Дорога в моем детстве
Черная тарелка радио сообщила радостную, перехватывающую дыхание весть: Смоленск освобожден, освобождена Смоленщина, моя родина, моя деревня! И в тот же день летит туда треугольничек письма: отзовитесь, кто жив. Ведь всю войну ни слова не было от вас. … И вот держу письмо оттуда. Держу и боюсь вскрыть. Но ждать мать с работы детских сил не хватило. Живы мои родные, моя бабушка и тетя. Почти цела моя деревня. Почти…
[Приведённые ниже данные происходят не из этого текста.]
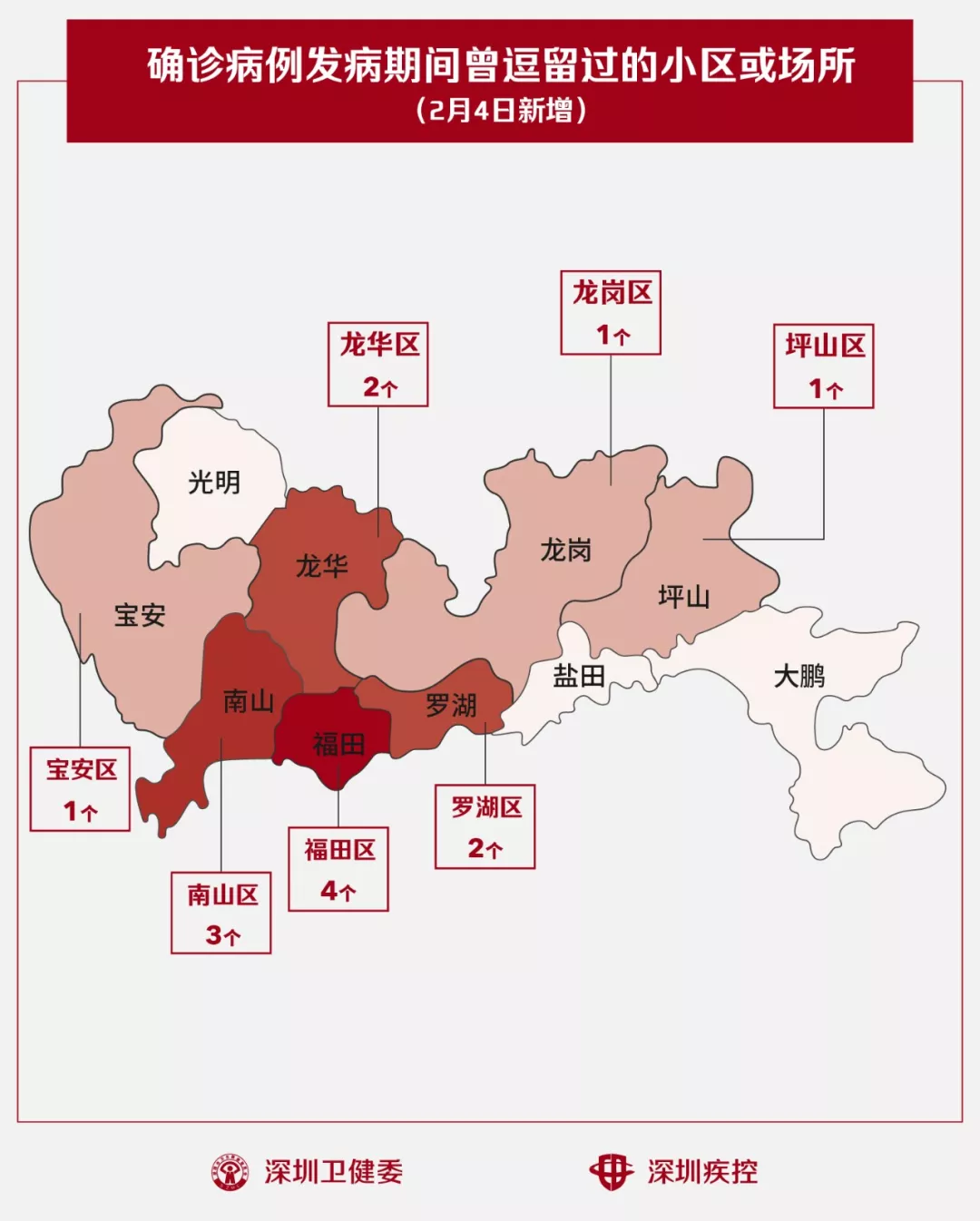 2月4日,疾控專業(yè)人員通過最新的流行病學調(diào)查確認,深圳新增14個小區(qū)(場所),有新確診的病人在出現(xiàn)病征期間曾經(jīng)逗留。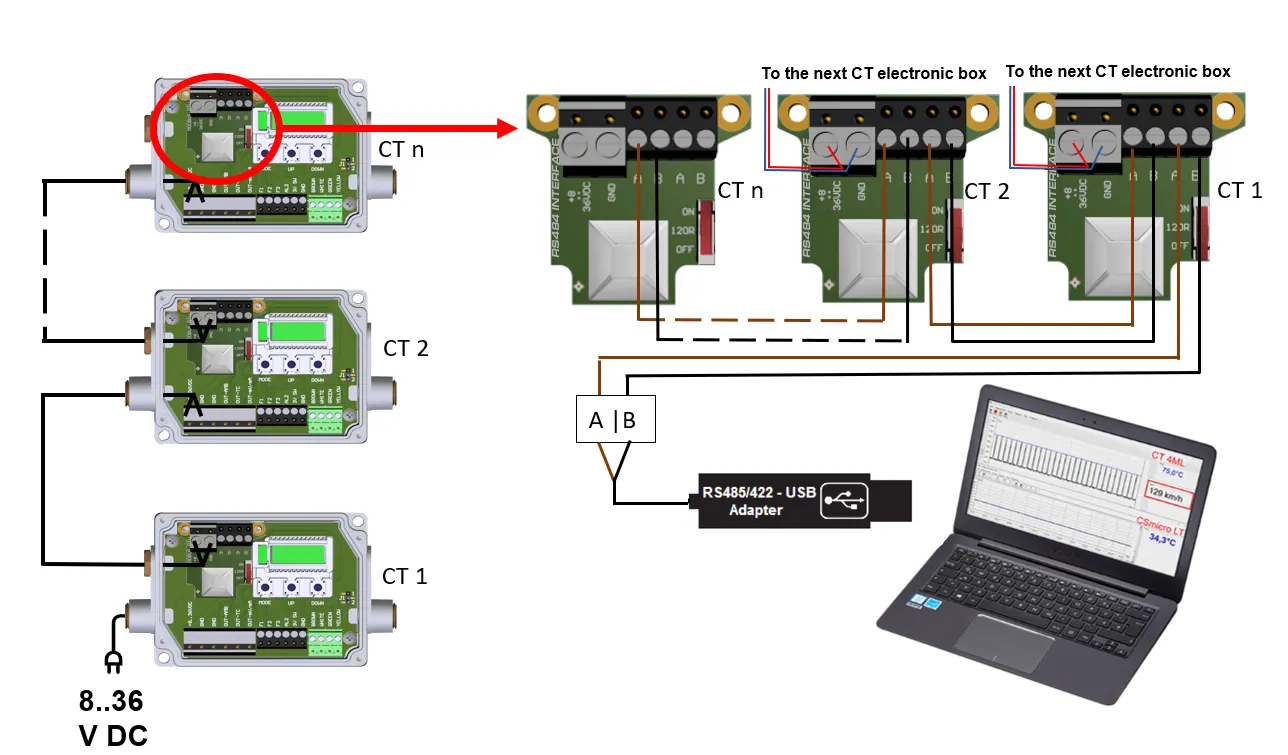 USB-to-Serial 컨버터를 사용하면 RS485 또는 RS422 장치를 컴퓨터 USB 포트에 바로 연결할 수 있습니다. RS485(EIA-485라고도 함)는 직렬 통신 시스템용 드라이버와 수신기의 전기적 특성을 정의하는 표준으로, 산업 자동화 및 제어 분야에서 널리 사용됩니다. RS485차동 신호 방식을 사용하여 두 개의 와이어(A B)에서 반대 전압 레벨로 데이터를 전송하므로, 전기적 잡음이 많은 환경에서도 장거리(최대 1200 m)에서 안정적인 통신이 가능합니다.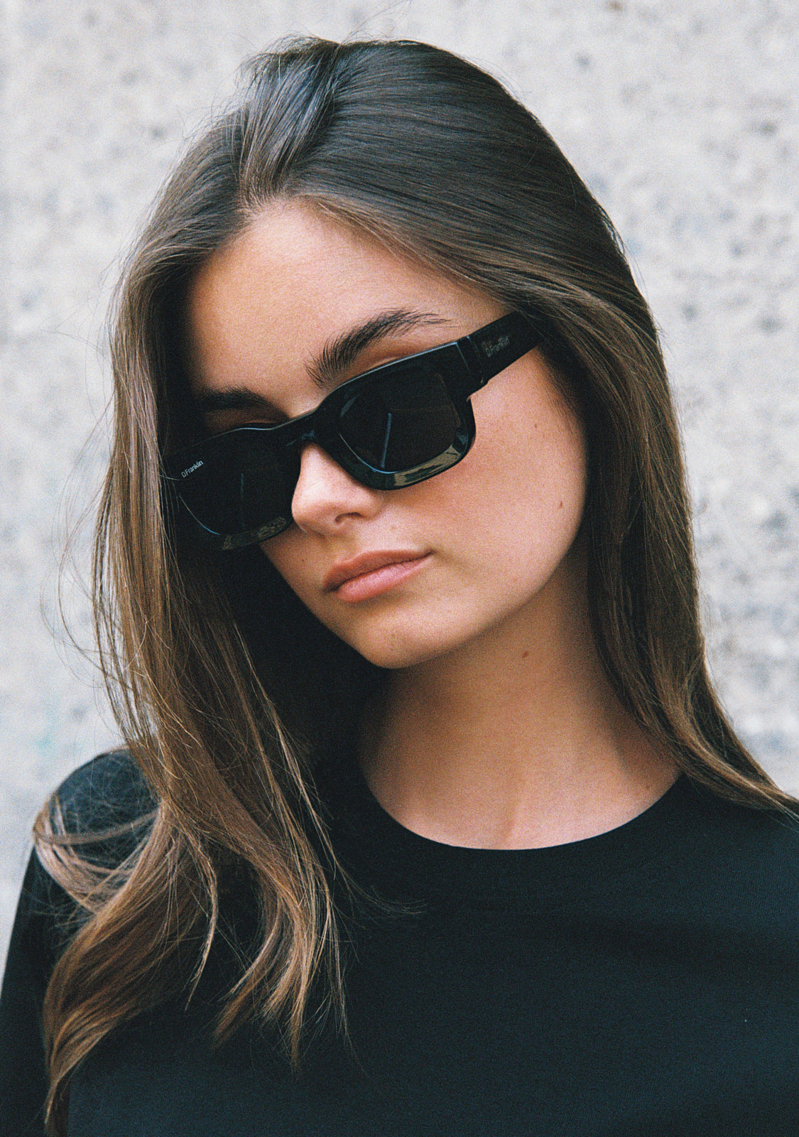 Bermuda Black Smoke es un diseño de acabado brillante elaborado en materiales inspirados en el titanio. Montura gruesa y lentes ahumadas que representan nuestro prisma diferente enmarcadas en una silueta rectangular de grandes dimensiones especialmente diseñada para interactuar con nuevos espacios.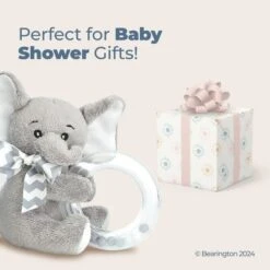 - CUTE AND FUN: Adorably cute grey elephant rattle toy with plastic shake ring with grey and white beads sits 5″ tall
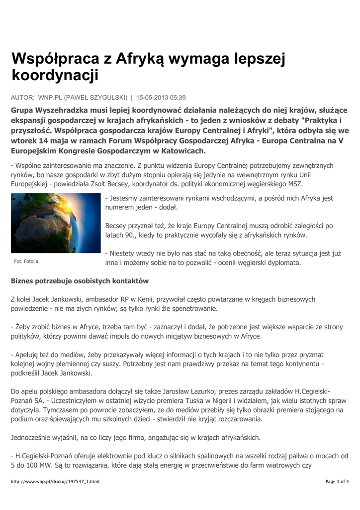 Wspó!praca z Afryk" wymaga lepszej koordynacji AUTOR: WNP.PL (PAWE$ SZYGULSKI) | 15-05-2013 05:39 Grupa Wyszehradzka musi lepiej koordynowa! dzia"ania nale#$cych do niej krajów, s"u#$ce ekspansji gospodarczej w krajach afryka%skich - to jeden z wniosków z debaty "Praktyka i przysz"o&!. Wspó"praca gospodarcza krajów Europy Centralnej i Afryki", która odby"a si' we wtorek 14 maja w ramach Forum Wspó"pracy Gospodarczej Afryka - Europa Centralna na V Europejskim Kongresie Gospodarczym w Katowicach. - Wspólne zainteresowanie ma znaczenie. Z punktu widzenia Europy Centralnej potrzebujemy zewn!trznych rynków, bo nasze gospodarki w zbyt du"ym stopniu opieraj# si! jedynie na wewn!trznym rynku Unii Europejskiej - powiedzia$a Zsolt Becsey, koordynator ds. polityki ekonomicznej w!gierskiego MSZ. - Jeste%my zainteresowani rynkami wschodz#cymi, a po%ród nich Afryka jest numerem jeden - doda$. Becsey przyzna$ te", "e kraje Europy Centralnej musz# odrobi& zaleg$o%ci po latach 90., kiedy to praktycznie wycofa$y si! z afryka'skich rynków. Fot. Fotolia - Niestety wtedy nie by$o nas sta& na tak# obecno%&, ale teraz sytuacja jest ju" inna i mo"emy sobie na to pozwoli& - oceni$ w!gierski dyplomata. Biznes potrzebuje osobistych kontaktów Z kolei Jacek Jankowski, ambasador RP w Kenii, przywo$a$ cz!sto powtarzane w kr!gach biznesowych powiedzenie - nie ma z$ych rynków; s# tylko rynki (le spenetrowanie. - )eby zrobi& biznes w Afryce, trzeba tam by& - zaznaczy$ i doda$, "e potrzebne jest wi!ksze wsparcie ze strony polityków, którzy powinni dawa& impuls do nowych inicjatyw biznesowych w Afryce. - Apeluj! te" do mediów, "eby przekazywa$y wi!cej informacji o tych krajach i to nie tylko przez pryzmat kolejnej wojny plemiennej czy suszy. Potrzebny jest nam prawdziwy przekaz na temat tego kontynentu podkre%li$ Jacek Jankowski. Do apelu polskiego ambasadora do$#czy$ si! tak"e Jaros$aw Lazurko, prezes zarz#du zak$adów H.CegielskiPozna' SA. - Uczestniczy$em w ostatniej wizycie premiera Tuska w Nigerii i widzia$em, jak wielu istotnych spraw dotyczy$a. Tymczasem po powrocie zobaczy$em, ze do mediów przebi$y si! tylko obrazki premiera stoj#cego na podium oraz %piewaj#cych mu szkolnych dzieci - stwierdzi$ nie kryj#c rozczarowania. Jednocze%nie wyja%ni$, na co liczy jego firma, anga"uj#c si! w krajach afryka'skich. - H.Cegielski-Pozna' oferuje elektrownie pod klucz o silnikach spalinowych na wszelki rodzaj paliwa o mocach od 5 do 100 MW. S# to rozwi#zania, które daj# sta$# energi! w przeciwie'stwie do farm wiatrowych czy http://www.wnp.pl/drukuj/197547_1.html Page 1 of 4 fotowoltanicznych. Przy tym, s# one bardzo potrzebne w Afryce, gdzie wyst!puj# du"e niedobory energii elektrycznej - powiedzia$ Lazurko. Dlatego pozna'ska firma od pewnego czasu zabiega o rynki pa'stw Afryki Zachodniej. - To bardzo dobry moment, by skoncentrowa& wysi$ki w tym celu. Zw$aszcza, "e dotychczasowi tamtejsi inwestorzy, g$ównie z krajów BRICKS, zd#"yli te" ju" pokaza& swoje s$abo%ci. My mo"emy to wykorzysta& - przekonywa$ Jaros$aw Lazurko, dodaj#c, "e jego firmie uda$o si! ju" przej#& jeden kontrakt, który nie by$ terminowo realizowany przez pierwotnego wykonawc!. - S$ysz!, "e jest wi!cej takich projektów i s$ysz! te" o chi'skiej jako%ci. Bo Chiny nie dostarczaj# tam produktów najwy"szej klasy i my%l!, "e to stwarza bardzo du"# szans! dla naszego biznesu - oceni$ prezes firmy H.Cegielski-Pozna' SA. Coraz mniejsze ryzyko Z kolei Artur Zdybicki, prezes dzia$aj#cej m.in. w Senegalu firmy Fair Minds zauwa"y$, "e nie nale"y tylko zwraca& uwagi na zaanga"owanie polityków z Europy Centralnej, ale przede wszystkim szuka& wsparcia u polityków afryka'skich. - Bardzo wa"n# rzecz# jest to, by%my nie bali si! tamtejszych polityków. Nale"y z nimi rozmawia& i prosi& ich o wsparcie, bo oni chc# przecie" rozwija& Afryk! i przez to s# otwarci na kontakt z nami - t$umaczy$. Powo$ywa$ si! przy tym na do%wiadczenia, które zebra$ osobi%cie w trakcie kilkuletniej swojej dzia$alno%ci na Czarnym L#dzie. - Od d$u"szego czasu mamy ju" biuro w Dakarze i musze powiedzie&, "e jestem zachwycony Senegalczykami i czuj! si! w ich kraju bardzo bezpiecznie - stwierdzi$ Artur Zdybicki. Kwestii bezpiecze'stwa dotkn!li te" obecni na sesji przedstawiciele tego kraju, którzy starali si! przekonywa&, "e tradycyjny obraz Afryki jako miejsca niebezpiecznego i ma$o stabilnego ma coraz mniej wspólnego z rzeczywisto%ci#. - Senegal wzmacnia instytucje pa'stwowe tak, by zapewni& inwestorom poczucie bezpiecze'stwa. Bo jest ono podstawowym warunkiem, by w ogóle mówi& o wspó$pracy - stwierdzi$ Diene Farba Sarr, dyrektor generalny APIX, agencji promuj#cej inwestycje w Senegalu. Przyk"ady udanej ekspansji Go%cie z Afryki podkre%lali tez potrzeb! utrzymywania bezpo%rednich kontaktów przez przedsi!biorców z obu kontynentów. - Najpierw musimy si! dobrze pozna&, by potem przej%& do interesów. Potrzebne jest otwarcie na wzajemne relacje - przekonywa$ Baidy Agne, przewodnicz#cy senegalskiego National Council of Employers. - Pierwsze kontakty mamy ju" zreszt# za sob#. Zacz!li%my wspó$prac! z Grup# Azoty w zakresie transportu fosforytu do Polski. Mam nadziej!, "e to dopiero wst!p do pog$!bienia wspó$pracy gospodarczej - doda$. - Afryka'skie obroty Grupy Azoty wynosz# ju" oko$o 150 mln euro - wyja%ni$ Krzysztof Ja$osi'ski, wiceprezes zarz#du Grupy Azoty SA. - Generuje je zak$ad w Policach, który kupuje fosforyty w Maroku, Tunezji i Egipcie. Teraz do grona tych krajów do$#cza tak"e Senegal. http://www.wnp.pl/drukuj/197547_1.html Page 2 of 4 Ja$osi'ski przyzna$ jednak, "e nawi#zanie owocnej wspó$pracy zaj!$o w Senegalu ponad rok i wymaga$o znacznego zaanga"owania ze strony Grupy Azoty. - Pierwszy statek z fosforytami jest ju" tam jednak dla nas $adowany - poinformowa$. - Mamy tez projekty budowy pewnych fabryk w Senegalu i Maroku, które by$yby zwi#zane z surowcami - doda$ nieco tajemniczo. Wyja%ni$ te", "e w zamian za fosforyty, Grupa Azoty chce sprzedawa& do Afryki siark!
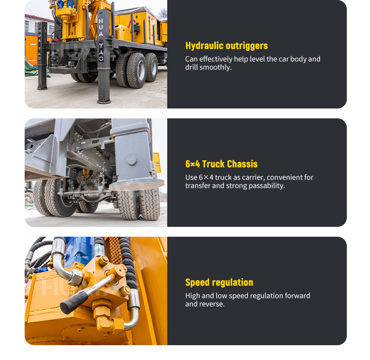 :HYC-500车载钻机主要用于精细作业和硬岩层。主要用途是进行井灌和水文地质勘探,用于农业灌溉、工业用水钻孔、水井地下隧道通风。水井钻机配备有可微调的钻井机构和机械卸载钻井工具。配备空气压缩机、泥浆泵、钻杆、钻头和安装在一辆车上的钻机。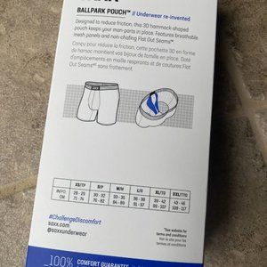 Ultra Super Soft boxer brief design by Saxx with BallPark Pouch. Relaxed fit. Never worn. Naturally breathable and lightweight. Men's Size Large (recommended by Saxx for waist size 36-38).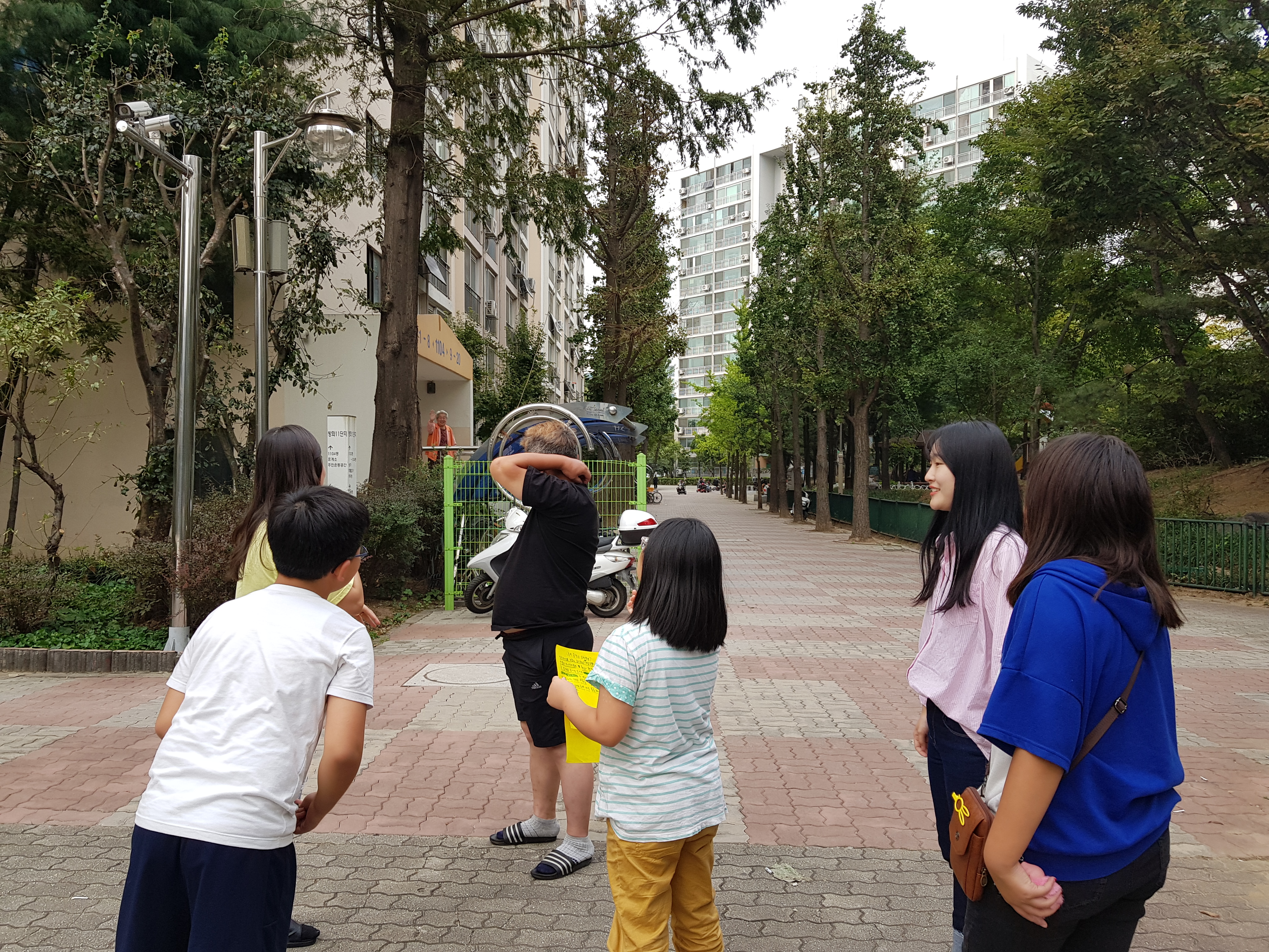 이상관 아저씨와 전화로 약속을 잡고 1104동 앞에서 만났습니다.

Дорога от Режа до Москвы. Все сплелось, спуталось в один клубок: холод. Голод, переполненные вокзалы и поезда, попытка матери раздобыть нам с сестренкой хоть какую-то еду. Дорога войны в моем детстве. Трудно оторвать десятилетнюю девочку от окна. А мимо окна вагона проносятся сгоревшие деревни, сгоревшие сады, но почему-то местами все какое-то обуглившееся. Все подряд.
— Куда, дочка, едешь? — спросил усатый солдат.
— Домой с Урала. А почему все черно?
— Это «Катюши» здесь поработали, огнем немца выжигали.
Смоленский вокзал той поры — это убежище, битком набитое военными и гражданскими, освещенное внутри редкими коптилками. Мать с сестренкой сидят на полу у стены. Сестра больна, не вынесла дороги, простыла, горит вся. Детская нужда заставила выйти в ночь с вокзала. И тут я впервые увидела, как два прожектора, пошарив по темному небу, вцепились в немецкий самолет. Защелкали зенитки, стали рваться бомбы, сброшенные с немецкого самолета. Нет, не на вокзал, но близко. Земля при каждом взрыве сильно вздрагивала, а я, парализованная страхом, наверное, кричала. Вдруг мои ноги оторвались от земли. Кто-то схватил меня поперек тела, поднял в воздух и понес. Кончилось это перемещение по воздуху легким шлепком. Солдат, добрый, внимательный, подарил на прощание кусочек сахара.
И снова дорога. Теперь на попутках, ведь еще впереди: где солдаты на машине подбросят, а где возчик не откажет в помощи. Я рассматриваю надписи на столбах у обочины дороги: «Мины».
На ночлег приютила крестьянка. Ей повезло — изба цела. Я до сих пор уверена в том, что люди на Смоленщине особые, добрые, щедрые на человеческое тепло, с поразительной чуткостью к чужой беде. Эта женщина обогрела нас, накормила и в дорогу еды дала. А спали мы на самом хорошем месте — на теплой печи. Это был рай.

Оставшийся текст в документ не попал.